> WHAT IS NEEDED: From the line that contains "Премиум заготовка с" down to the final line below, please repeat each line exactly and nothing more, with no pictures.

> DATA SHOWN:
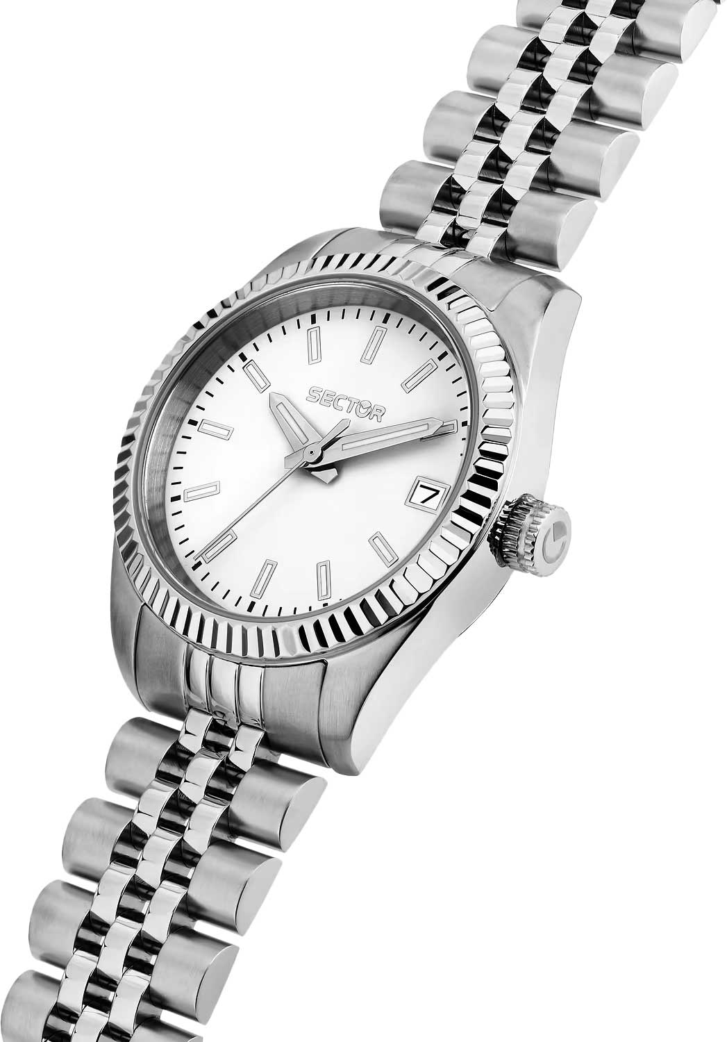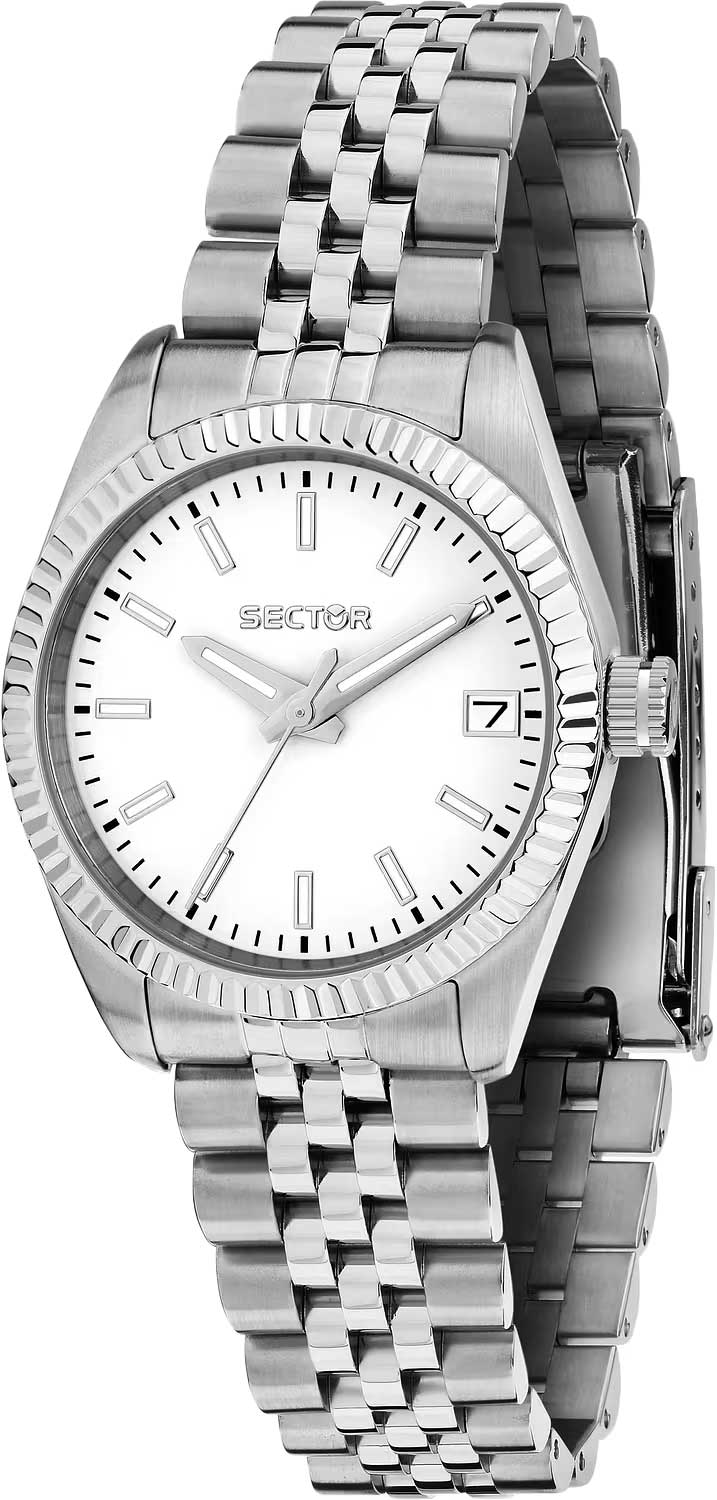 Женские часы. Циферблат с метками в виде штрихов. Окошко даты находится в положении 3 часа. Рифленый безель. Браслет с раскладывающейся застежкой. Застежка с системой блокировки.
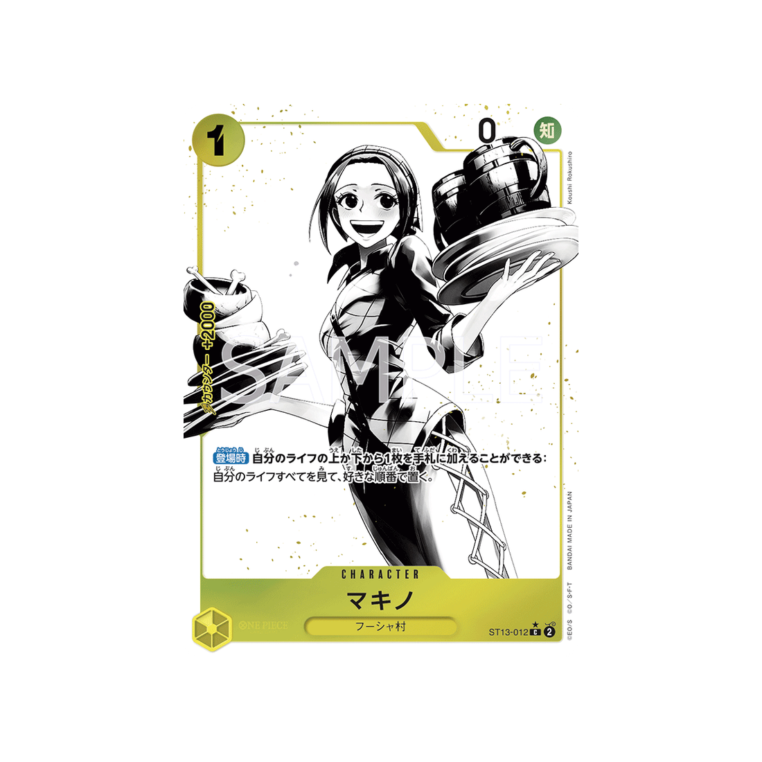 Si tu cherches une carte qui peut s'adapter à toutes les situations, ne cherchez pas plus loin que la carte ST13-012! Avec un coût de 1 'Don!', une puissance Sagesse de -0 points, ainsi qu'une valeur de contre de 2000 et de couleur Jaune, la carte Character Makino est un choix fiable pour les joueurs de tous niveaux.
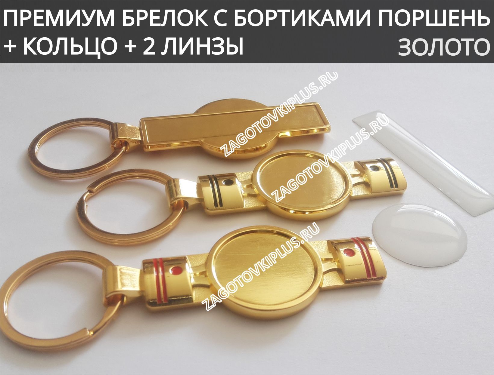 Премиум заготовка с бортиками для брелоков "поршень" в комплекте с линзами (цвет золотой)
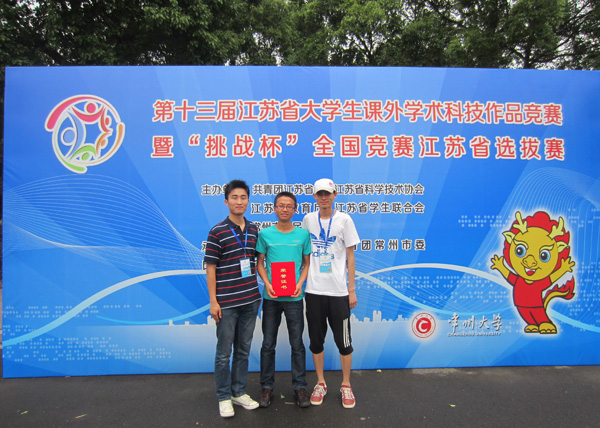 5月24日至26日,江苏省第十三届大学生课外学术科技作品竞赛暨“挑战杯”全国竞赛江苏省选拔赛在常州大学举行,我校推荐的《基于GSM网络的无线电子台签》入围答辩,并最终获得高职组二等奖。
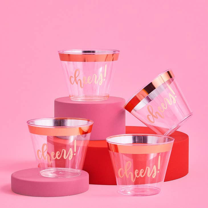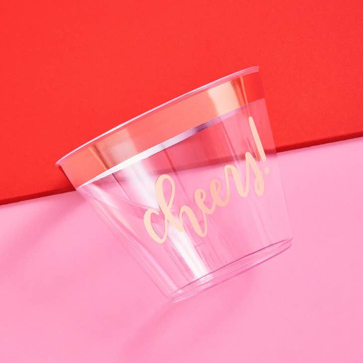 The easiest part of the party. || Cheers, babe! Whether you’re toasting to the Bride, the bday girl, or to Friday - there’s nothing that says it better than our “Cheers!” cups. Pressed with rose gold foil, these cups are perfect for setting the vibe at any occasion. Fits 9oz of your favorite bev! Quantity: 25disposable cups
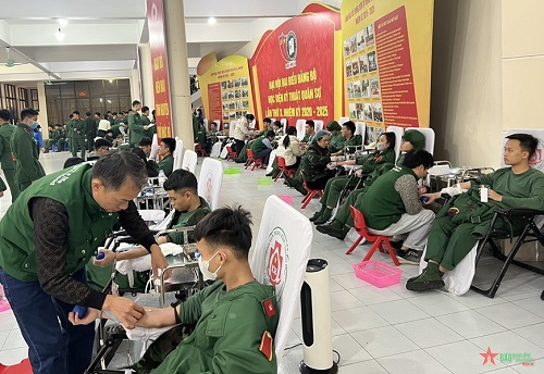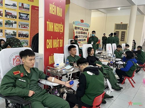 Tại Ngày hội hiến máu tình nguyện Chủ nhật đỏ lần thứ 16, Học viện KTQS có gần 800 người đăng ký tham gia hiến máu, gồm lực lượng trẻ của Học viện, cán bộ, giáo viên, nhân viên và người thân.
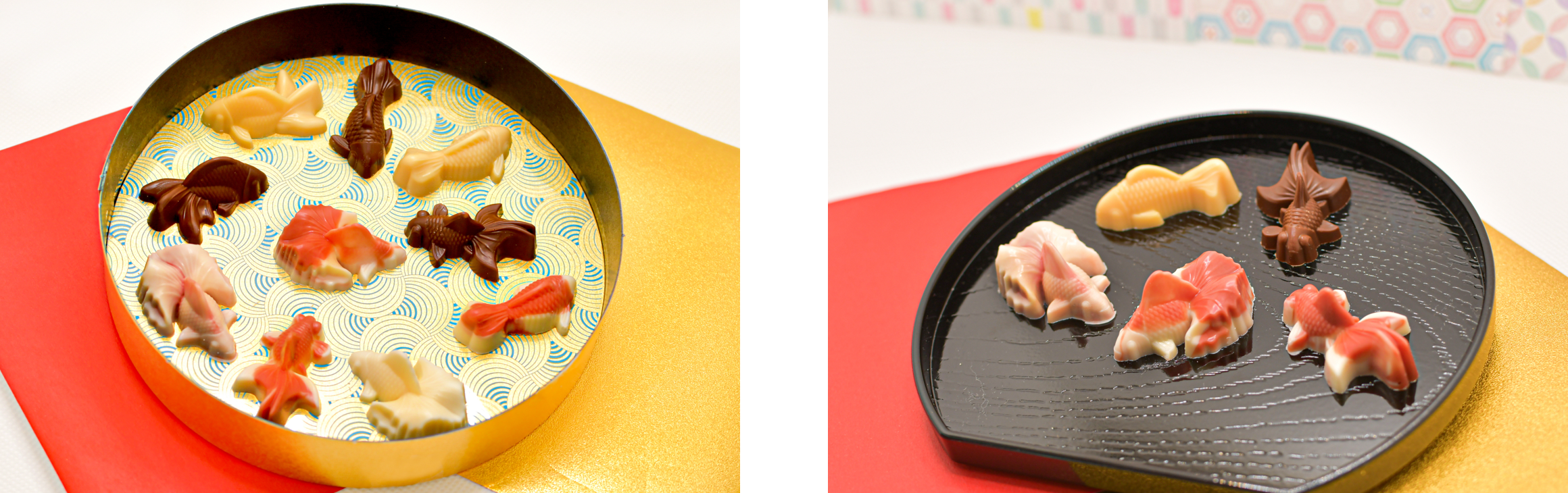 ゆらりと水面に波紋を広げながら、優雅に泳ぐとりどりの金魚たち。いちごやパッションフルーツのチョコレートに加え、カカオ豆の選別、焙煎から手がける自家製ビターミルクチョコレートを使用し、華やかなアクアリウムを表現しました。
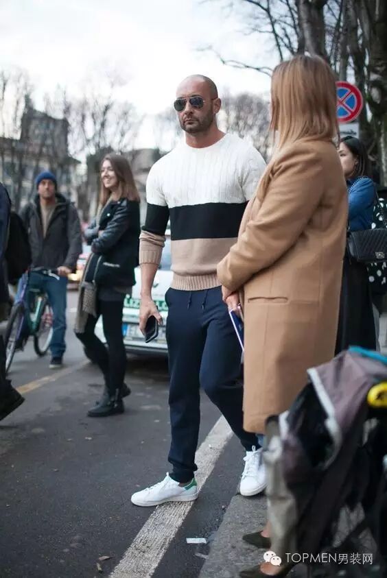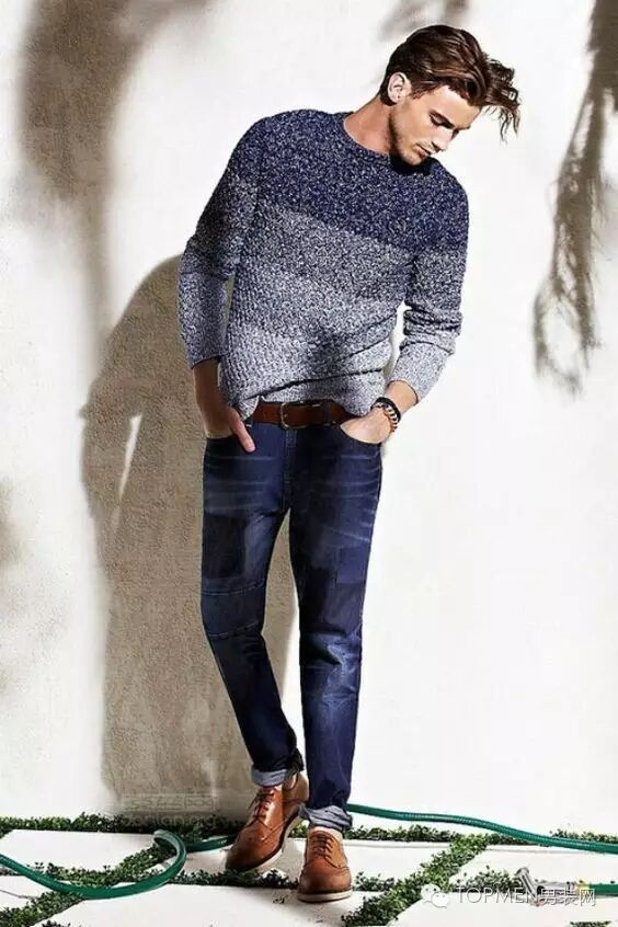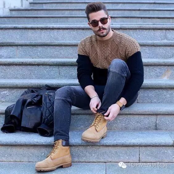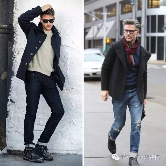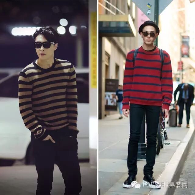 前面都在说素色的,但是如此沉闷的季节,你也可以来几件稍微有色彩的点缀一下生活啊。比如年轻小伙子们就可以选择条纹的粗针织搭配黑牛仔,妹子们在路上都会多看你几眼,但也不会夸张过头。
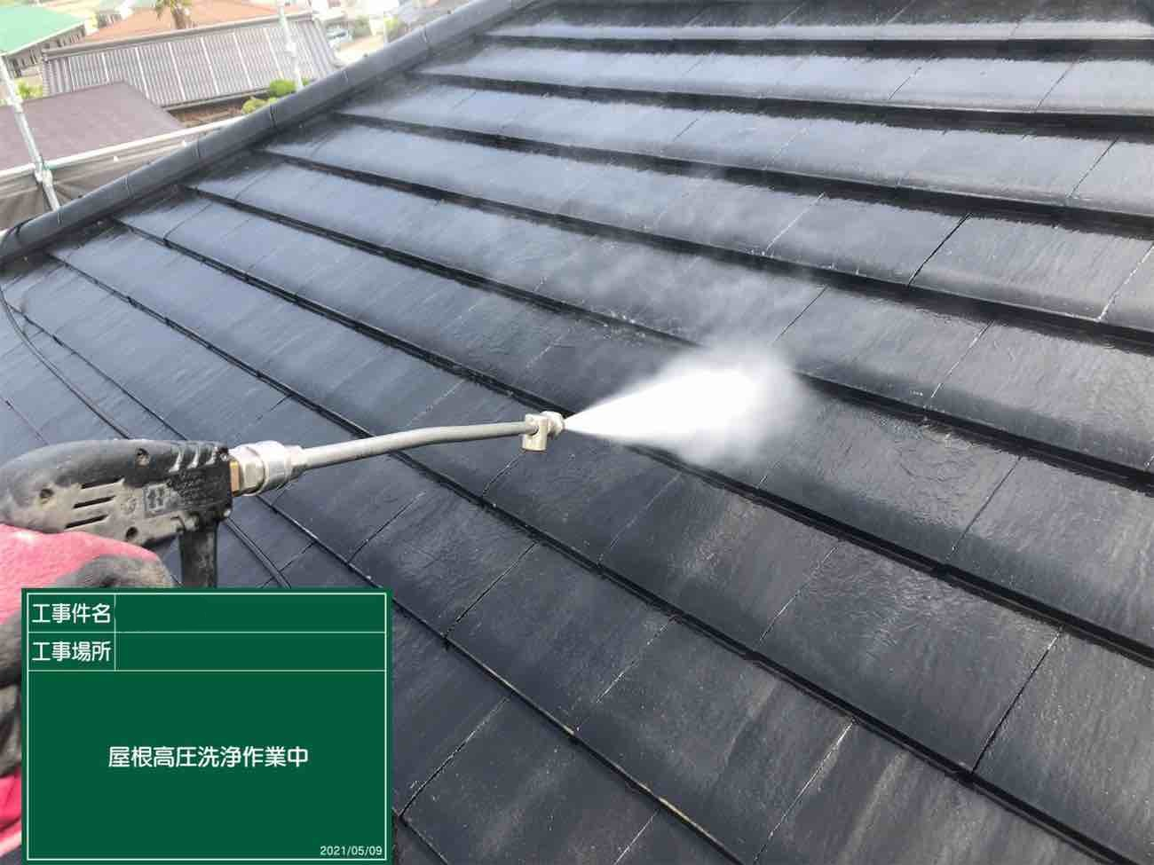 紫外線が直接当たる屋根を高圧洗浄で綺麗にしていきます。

> SOLUTION:
 Премиум заготовка с бортиками для брелоков "поршень" в комплекте с линзами (цвет золотой)
 5月24日至26日,江苏省第十三届大学生课外学术科技作品竞赛暨“挑战杯”全国竞赛江苏省选拔赛在常州大学举行,我校推荐的《基于GSM网络的无线电子台签》入围答辩,并最终获得高职组二等奖。
 The easiest part of the party. || Cheers, babe! Whether you’re toasting to the Bride, the bday girl, or to Friday - there’s nothing that says it better than our “Cheers!” cups. Pressed with rose gold foil, these cups are perfect for setting the vibe at any occasion. Fits 9oz of your favorite bev! Quantity: 25disposable cups
 Tại Ngày hội hiến máu tình nguyện Chủ nhật đỏ lần thứ 16, Học viện KTQS có gần 800 người đăng ký tham gia hiến máu, gồm lực lượng trẻ của Học viện, cán bộ, giáo viên, nhân viên và người thân.
 ゆらりと水面に波紋を広げながら、優雅に泳ぐとりどりの金魚たち。いちごやパッションフルーツのチョコレートに加え、カカオ豆の選別、焙煎から手がける自家製ビターミルクチョコレートを使用し、華やかなアクアリウムを表現しました。
 前面都在说素色的,但是如此沉闷的季节,你也可以来几件稍微有色彩的点缀一下生活啊。比如年轻小伙子们就可以选择条纹的粗针织搭配黑牛仔,妹子们在路上都会多看你几眼,但也不会夸张过头。
 紫外線が直接当たる屋根を高圧洗浄で綺麗にしていきます。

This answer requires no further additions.